_Provided records_
↓

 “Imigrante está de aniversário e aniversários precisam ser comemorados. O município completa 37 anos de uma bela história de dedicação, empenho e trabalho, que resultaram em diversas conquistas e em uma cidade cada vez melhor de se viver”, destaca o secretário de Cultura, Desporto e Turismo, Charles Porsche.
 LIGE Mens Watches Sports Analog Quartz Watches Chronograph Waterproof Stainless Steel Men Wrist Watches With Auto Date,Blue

↑
↓

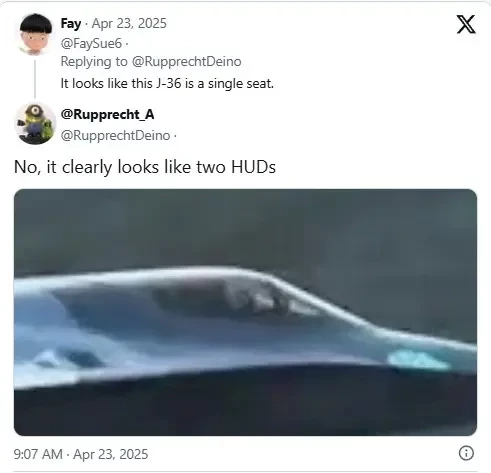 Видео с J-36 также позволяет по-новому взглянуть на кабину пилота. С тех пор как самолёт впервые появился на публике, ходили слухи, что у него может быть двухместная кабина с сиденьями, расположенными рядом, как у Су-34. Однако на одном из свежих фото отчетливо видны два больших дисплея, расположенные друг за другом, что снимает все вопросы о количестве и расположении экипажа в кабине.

↑

_The task_
Set down, from the entries above, exactly the lines from the one with "Turismo, Charles Porsche." up to and including the one with "LIGE Mens Watches", and no other lines.

_Exercise solution_
 “Imigrante está de aniversário e aniversários precisam ser comemorados. O município completa 37 anos de uma bela história de dedicação, empenho e trabalho, que resultaram em diversas conquistas e em uma cidade cada vez melhor de se viver”, destaca o secretário de Cultura, Desporto e Turismo, Charles Porsche.
 LIGE Mens Watches Sports Analog Quartz Watches Chronograph Waterproof Stainless Steel Men Wrist Watches With Auto Date,Blue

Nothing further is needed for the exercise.